Saved data entries:
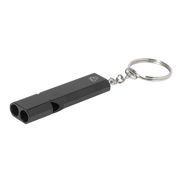 Gwizdek wykonany z recyklingowanego aluminium z metalowym kółkiem do kluczy.
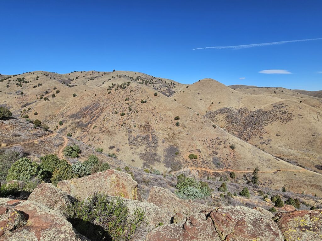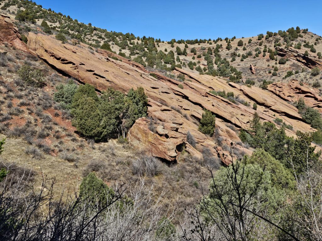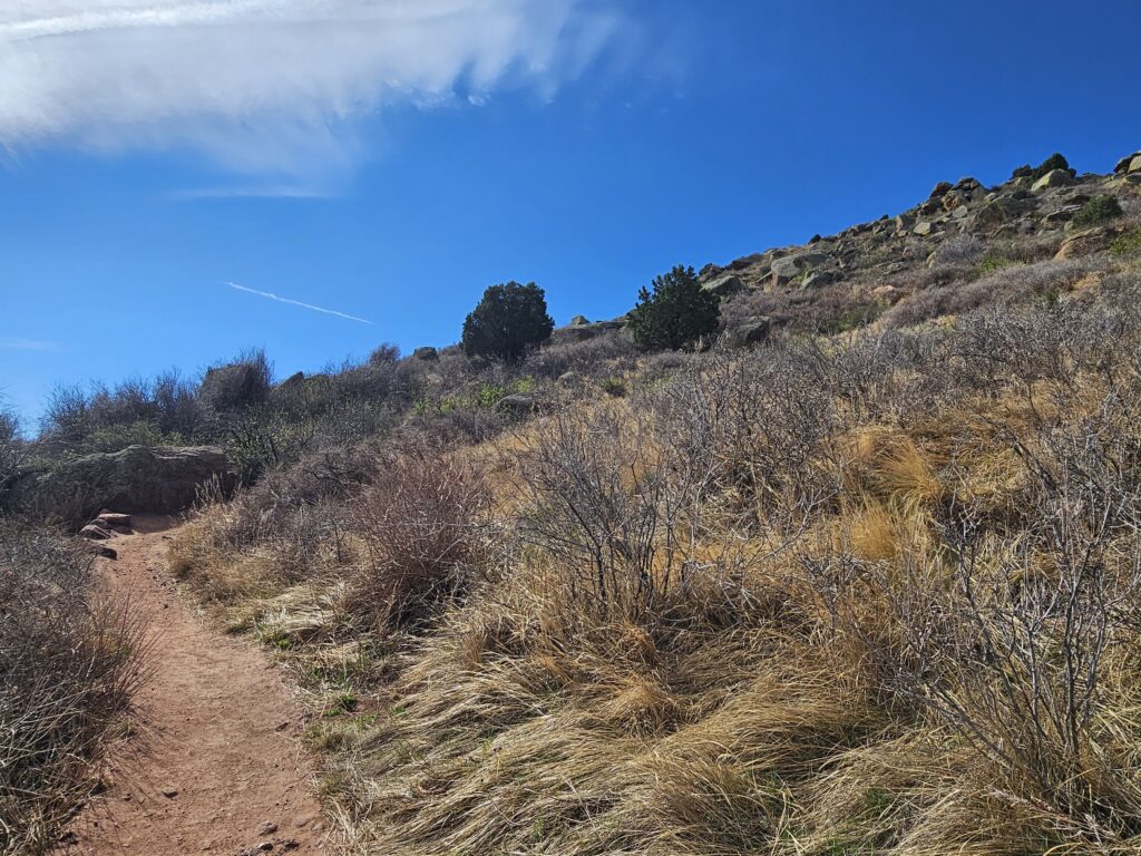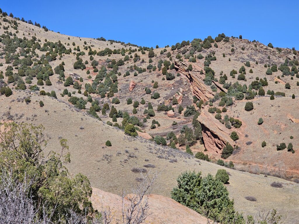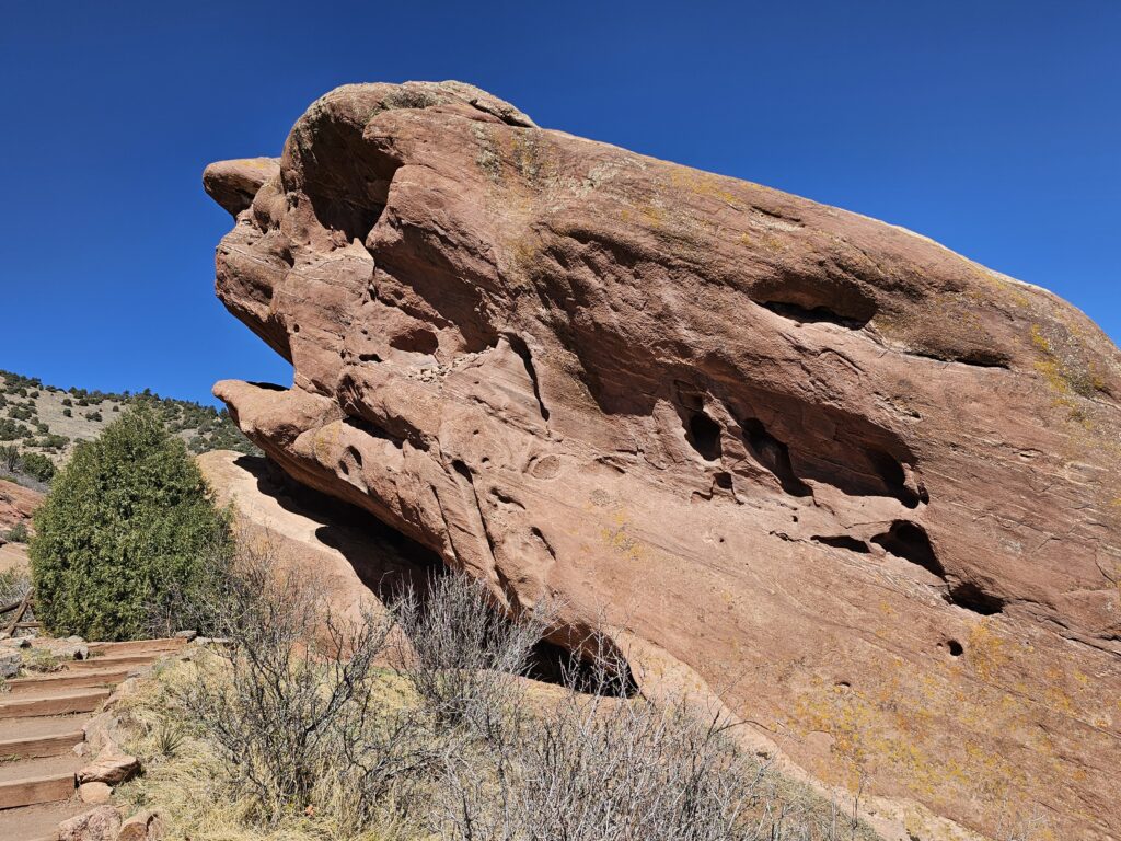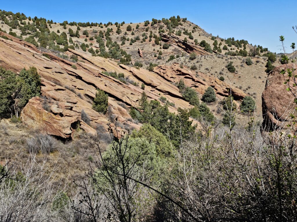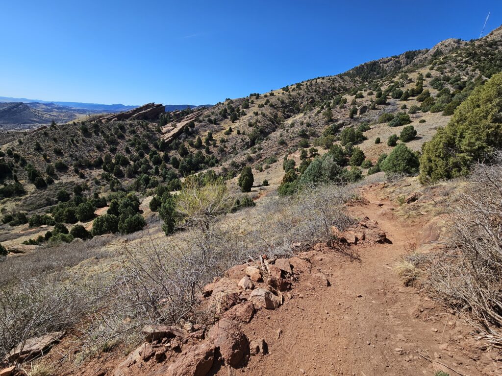 I packed a bunch of water, some snacks and did the hour drive out to the West to Red Rocks Park.It took me a while to find the right parking lot for the trail I wanted to start with. For some reason things are not marked very well, but a quick download an a full years’ subscription to All Trails, I was able to find what I was looking for. And, yes, I think All Trails was worth it because there were a couple questionable trail markers on the loop and I was very happy to have the maps downloaded onto my phone.
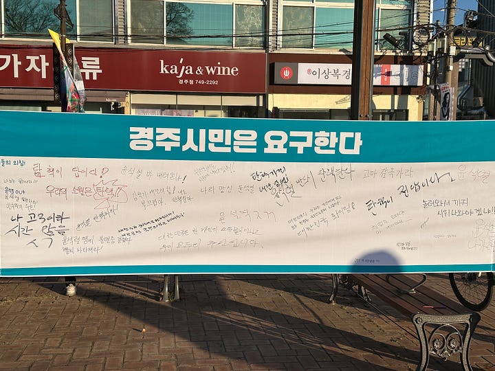 As I walked, soaking in the calm yet historic vibes of the town, a faint noise caught my curiosity from afar. The closer I got, the more the scene began to unfold—hey some police cars and its officers were on duty, then a small group of people sitting on the ground, holding blue-red posters covered in Hangul. I couldn’t read the text, but the scene felt charged with purpose, like something important was happening. What I did was using my Google Translate lens to translate whatever words that appeared in front of me.
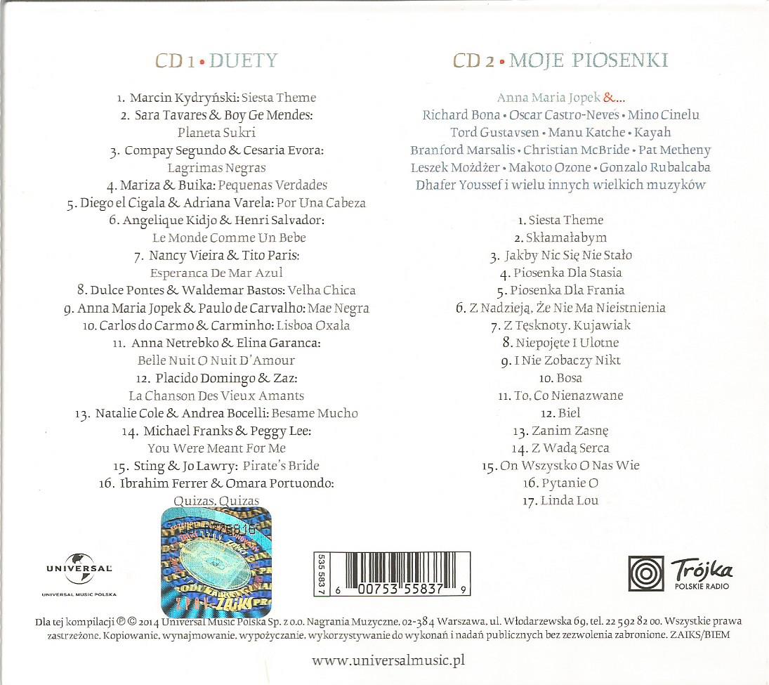 Zawiera: Zawiera: Siesta Theme (Marcin Kydryński) ; Planeta Sukri (Sara Tavares & Boy Ge Mendes) ; Lagrimas Negras (Compay Segundo & Cesaria Evora) ; Pequenas Verdades (Mariza & Buika) ; Por Una Cabeza (Diego el Cigala & Adriana Varela) ; Le Monde Comme Un Bebe (Angelique Kidjo & Henri Salvador) ; Esperanca De Mar Azul (Nancy Vieira & Tito Paris) ; Velha Chica (Dulce Pontes & Waldemar Bastos) ; Mae Negra (Anna Maria Jopek & Paulo de Carvalho) ; Lisboa Oxala (Carlos do Carmo & Carminho) ; Belle Nuit O Nuit D'Amour (Anna Netrebko & Elina Garanca) ; La Chanson Des Vieux Amants (Placido Domingo & Zaz) ; Besame Mucho (Natalie Cole & Andrea Bocelli) ; You Were Meant For Me (Michael Franks & Peggy Lee) ; Pirate's Bride (Sting & Jo Lawry) ; Quizas, Quizas (Ibrahim Ferrer & Omara Portuondo).
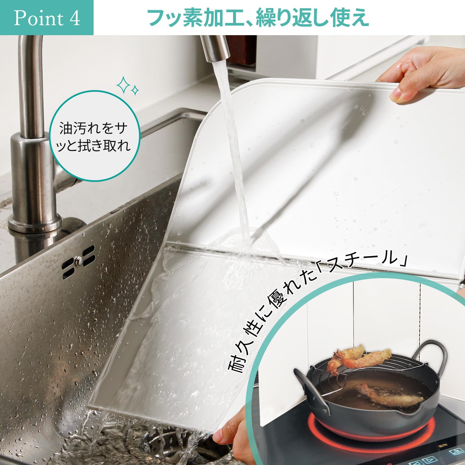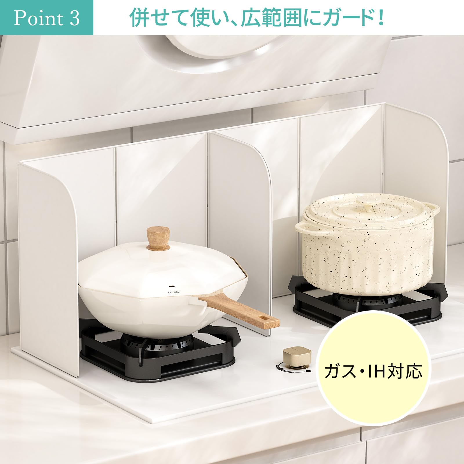 「油はね・飛び散りをしっかりガード」ジャバラに折れる4面式は、調理スペースに合わせて囲み方を自由に変えられる!揚げ物や炒め物などの調理中に、コンロ周りや鍋、フライパン周りに立て、それ以上油が飛び散らないようにしてくれます。キッチンの壁やコンロ周りの油汚れを手軽に予防することもできます。
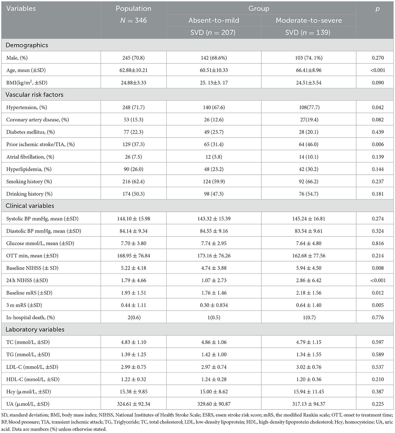 After the imaging assessment, the severity of SVD was evaluated for all participants using a score that ranged from 0 to 4, assigning one point for each of the following conditions: (1) severe WMH (Fazekas grade 2 or 3); (2) ≥ 1 lacune; (3) moderate-to-severe EPVS (≥ 10 in basal ganglia or centrum semiovale); (4) ≥ 1 CMBs (16). Based on the clinical cutoff values for SVD severity proposed by Wang et al. (19), the 346 patients were categorized into two groups according to their SVD scores: absent-to-mild SVD (0–1 point) and moderate-to-severe SVD (≥ 2 points).

◆ The problem ◆
Skip the pictures and reproduce all remaining entries exactly.

◆ Result of this exercise ◆
 Gwizdek wykonany z recyklingowanego aluminium z metalowym kółkiem do kluczy.
 I packed a bunch of water, some snacks and did the hour drive out to the West to Red Rocks Park.It took me a while to find the right parking lot for the trail I wanted to start with. For some reason things are not marked very well, but a quick download an a full years’ subscription to All Trails, I was able to find what I was looking for. And, yes, I think All Trails was worth it because there were a couple questionable trail markers on the loop and I was very happy to have the maps downloaded onto my phone.
 As I walked, soaking in the calm yet historic vibes of the town, a faint noise caught my curiosity from afar. The closer I got, the more the scene began to unfold—hey some police cars and its officers were on duty, then a small group of people sitting on the ground, holding blue-red posters covered in Hangul. I couldn’t read the text, but the scene felt charged with purpose, like something important was happening. What I did was using my Google Translate lens to translate whatever words that appeared in front of me.
 Zawiera: Zawiera: Siesta Theme (Marcin Kydryński) ; Planeta Sukri (Sara Tavares & Boy Ge Mendes) ; Lagrimas Negras (Compay Segundo & Cesaria Evora) ; Pequenas Verdades (Mariza & Buika) ; Por Una Cabeza (Diego el Cigala & Adriana Varela) ; Le Monde Comme Un Bebe (Angelique Kidjo & Henri Salvador) ; Esperanca De Mar Azul (Nancy Vieira & Tito Paris) ; Velha Chica (Dulce Pontes & Waldemar Bastos) ; Mae Negra (Anna Maria Jopek & Paulo de Carvalho) ; Lisboa Oxala (Carlos do Carmo & Carminho) ; Belle Nuit O Nuit D'Amour (Anna Netrebko & Elina Garanca) ; La Chanson Des Vieux Amants (Placido Domingo & Zaz) ; Besame Mucho (Natalie Cole & Andrea Bocelli) ; You Were Meant For Me (Michael Franks & Peggy Lee) ; Pirate's Bride (Sting & Jo Lawry) ; Quizas, Quizas (Ibrahim Ferrer & Omara Portuondo).
 「油はね・飛び散りをしっかりガード」ジャバラに折れる4面式は、調理スペースに合わせて囲み方を自由に変えられる!揚げ物や炒め物などの調理中に、コンロ周りや鍋、フライパン周りに立て、それ以上油が飛び散らないようにしてくれます。キッチンの壁やコンロ周りの油汚れを手軽に予防することもできます。
 After the imaging assessment, the severity of SVD was evaluated for all participants using a score that ranged from 0 to 4, assigning one point for each of the following conditions: (1) severe WMH (Fazekas grade 2 or 3); (2) ≥ 1 lacune; (3) moderate-to-severe EPVS (≥ 10 in basal ganglia or centrum semiovale); (4) ≥ 1 CMBs (16). Based on the clinical cutoff values for SVD severity proposed by Wang et al. (19), the 346 patients were categorized into two groups according to their SVD scores: absent-to-mild SVD (0–1 point) and moderate-to-severe SVD (≥ 2 points).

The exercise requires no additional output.